43,908 colon and 16,955 rectal cancer patients were included. Median follow-up time was 66.1 and 66.5 months, respectively. Five-year OS after colon cancer resection was 73.2% without complications, and 65.4% with surgical, 52.9% with non-surgical and 51.8% with combined type of complications (p < 0.001). Corresponding 5-year OS for rectal cancer patients was 76.9%, 72.7%, 64.9%, and 63.2% (p < 0.001). In colon cancer, multivariable analyses revealed HR 1.198 (1.136-1.264) for surgical, HR 1.489 (1.423-1.558) for non-surgical and HR 1.590 (1.505-1.681) for combined type of complications. For rectal cancer, these HRs were 1.193 (1.097-1.2297), 1.456 (1.346-1.329), and 1.489 (1.357-1.633). Surgical complications were associated with worse CS-1 in rectal cancer (HR 1.140 (1.050-1.260), but not in colon cancer (HR 1.007 (0.943-1.075)).
Non-surgical complications have higher impact on survival than surgical complications. The impact of surgical complications on survival was still measurable after surviving the first year in rectal cancer but not in colon cancer patients.
结直肠癌手术后的并发症可能会恶化长期生存。本项全国性研究的目的是确定不同类型的并发症对结直肠癌手术后的总生存(OS)和如果术后仍存活一年(CS-1)的条件生存的影响。

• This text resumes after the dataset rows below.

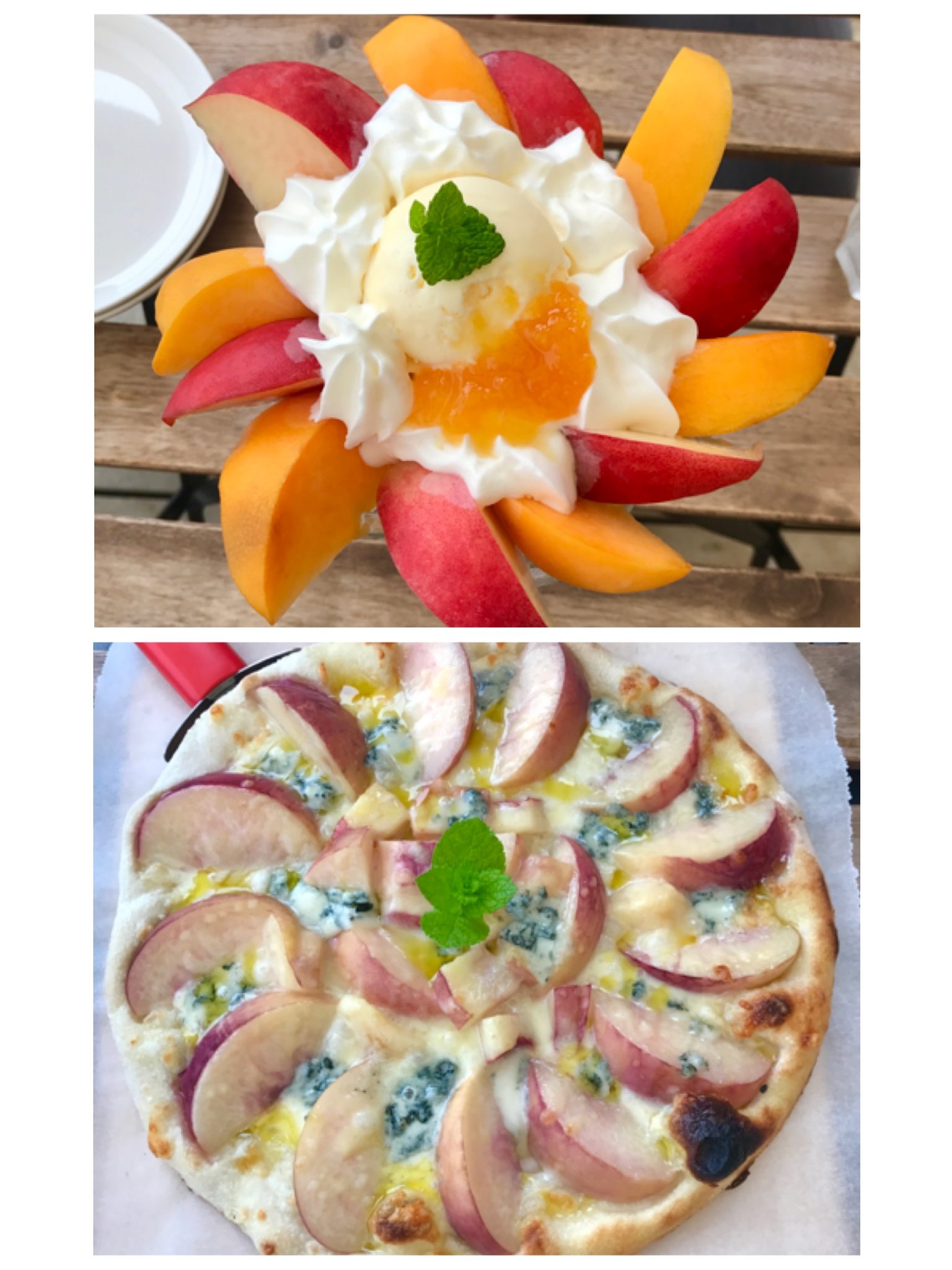 パフェとピザと、写真はありませんがスムージーをいただきました。まさに桃三昧! ゴルゴンゾーラ×桃と...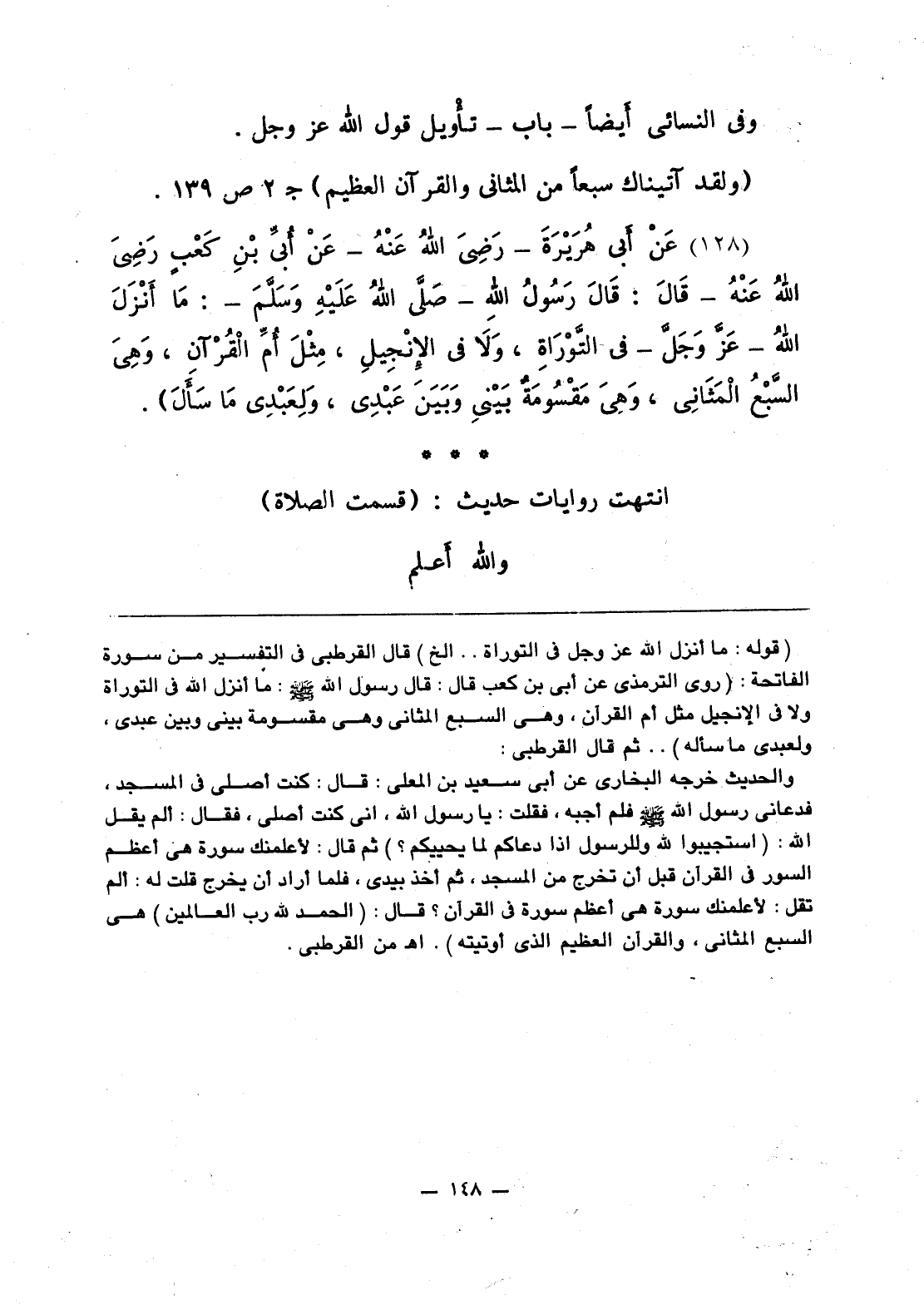 129 - عَنْ أَبي هُرَيْرَةَ - رَضِيَ اللَّهُ عَنْهُ - عَنْ أُبَيِّ بْنِ كَعْبٍ - رَضِيَ اللَّهُ عَنْهُ - قَالَ: قَالَ رَسُولُ اللَّهِ صلى الله عليه وسلّم: «مَا أَنْزَلَ اللَّهُ - عَزَّ وَجَلَّ - في التَّوْرَاةِ، وَلاَ في الإنْجِيلِ، مِثْلَ أُمِّ الْقُرْآنِ، وَهِيَ السَّبْعُ المَثَانِي، وَهِيَ مَقْسُومَةٌ بَيْنِي وبَيْنَ عَبْدِي، وَلِعَبْدِي مَا سَأَلَ».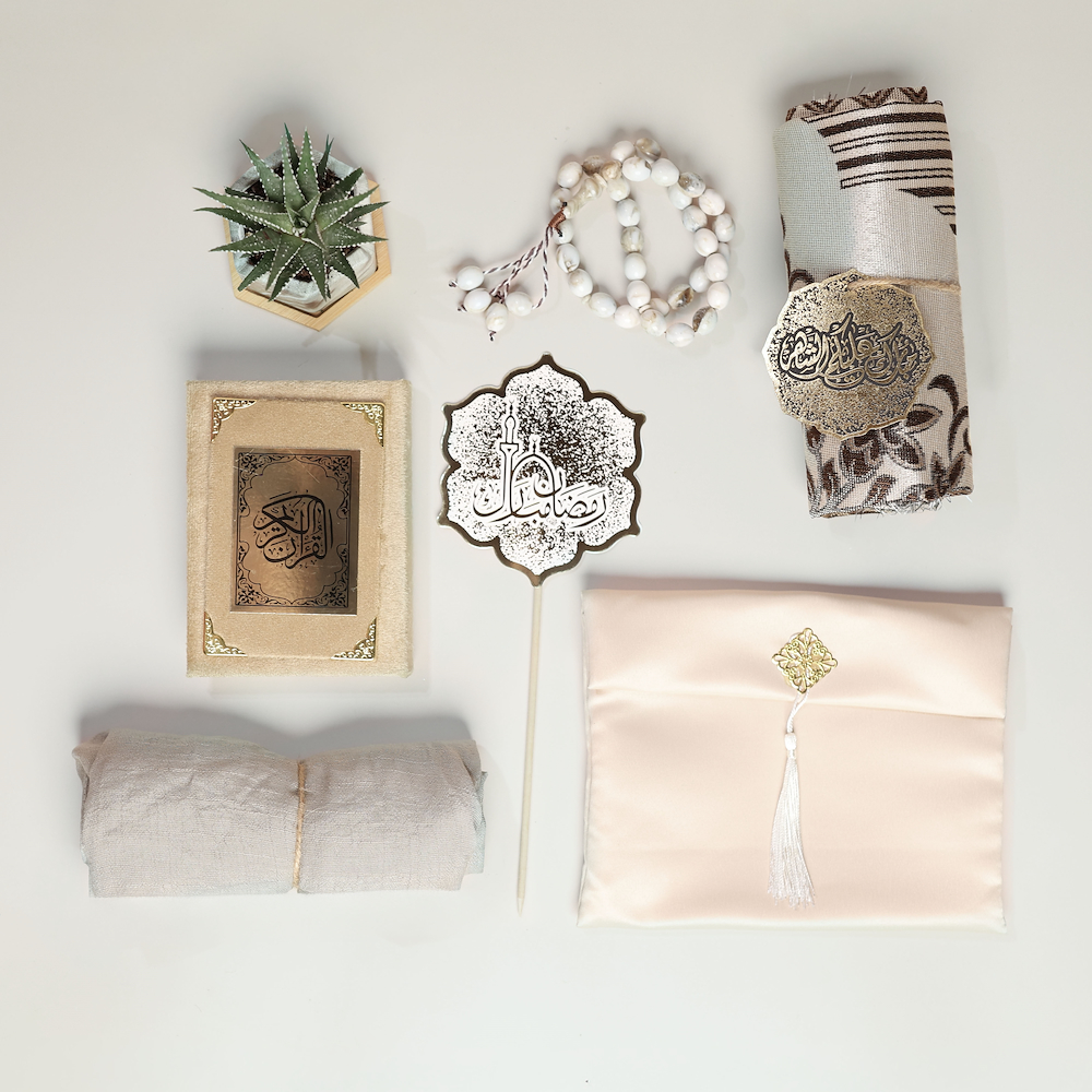 A leather bag featuring a zipra plant, beads, a prayer mat, and a Quran.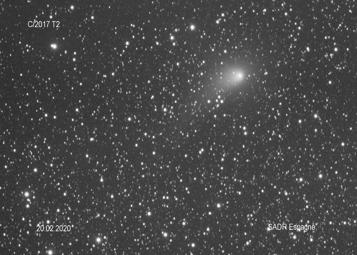 (Copyright Jean-Paul Desgrees)Nuclear magnitude (m2) 12.9 Aperture radius used for m2 7 " r (dist/Sun) 1.899 AU d (dist/Earth) 1.709 AU Instrumental configuration Config1 Instrument Takahashi TSA 120 Instrument type Refractor Instrument aperture (0=naked eye) 120 mm Instrument focale length 840 mm Instrument focale/diameter 7 Filter(s) L Camera QHY163M Sensor CCD Sensor size 17.7x13.4 mm2 Sensor pixels number 4579x3500 Sensor temperature -20 °C Binning 1x1 Mount AZ EQ6 Motorization Yes Autoguide Yes Exposure total time 15 s Observatory MPC code XXX Reference stars catalog UCAC-4 Used softwares ASTROMETRICA Image resize factor 0.9 Image processing non Observation submission date 2020 Feb 22 09h57m24s Observation modification date 2020 Feb 22 10h06m53s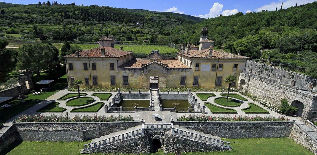 L’artefice del progetto non è sicuro: alcuni la attribuiscono a Michele Sanmicheli, altri a Giulio Romano, altri ancora a Bartolomeo Ridolfi. Persino il periodo della costruzione è incerto: è stato ritrovato solo un disegno del 1562. Si tratta di tre bellissimi cortili digradanti che portano al brolo e all’ampio giardino, uniti in uno stretto rapporto tra architettura e natura.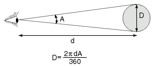 If you know how far away a planet is from you, you can determine its linear diameter D. The diameter of a planet D = 2pie × (distance to the planet) × (the planet's angular size in degrees)/360°, where the symbol pie is a number approximately equal to 3.14 (your calculator may say 3.141592653...). The figure above explains where this formula comes from. This technique is used to find the actual diameters of other objects as well, like moons, star clusters, and even entire galaxies.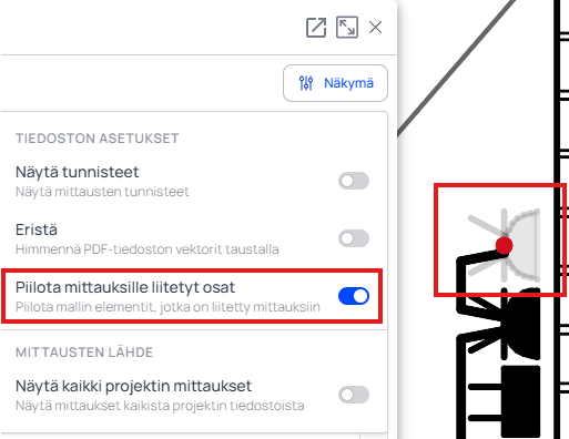 - Toiminto asetataan päälle Mittaus-ikkunan näkymä valikossa "Piilota mittauksille liitetyt osat", jonka jälkeen valinnassa olleet osat piilotetaan pdf:stä ja ne eivät ole enää mukana seuraavissa haussa

纳入了 2011 年至 2017 年间在荷兰 ColoRectal Audit 中接受原发性结直肠癌切除术且生存状态已知的所有患者。使用多变量 Cox 回归模型评估并发症与 OS 和 CS-1 的关系,从而计算风险比(HR)及其 95%置信区间。
共纳入 43908 例结肠癌和 16955 例直肠癌患者。中位随访时间分别为 66.1 个月和 66.5 个月。无并发症的结肠癌切除术后 5 年 OS 为 73.2%,手术并发症为 65.4%,非手术并发症为 52.9%,联合并发症为 51.8%(p<0.001)。相应的直肠癌患者 5 年 OS 为 76.9%、72.7%、64.9%和 63.2%(p<0.001)。在结肠癌中,多变量分析显示手术并发症的 HR 为 1.198(1.136-1.264),非手术并发症的 HR 为 1.489(1.423-1.558),联合并发症的 HR 为 1.590(1.505-1.681)。对于直肠癌,这些 HR 分别为 1.193(1.097-1.2297)、1.456(1.346-1.329)和 1.489(1.357-1.633)。手术并发症与直肠癌 CS-1 较差相关(HR 1.140(1.050-1.260),但在结肠癌中则没有相关性(HR 1.007(0.943-1.075))。
非手术并发症对生存的影响大于手术并发症。手术并发症对生存的影响在直肠癌患者中仍然可以测量,但在结肠癌患者中则不能。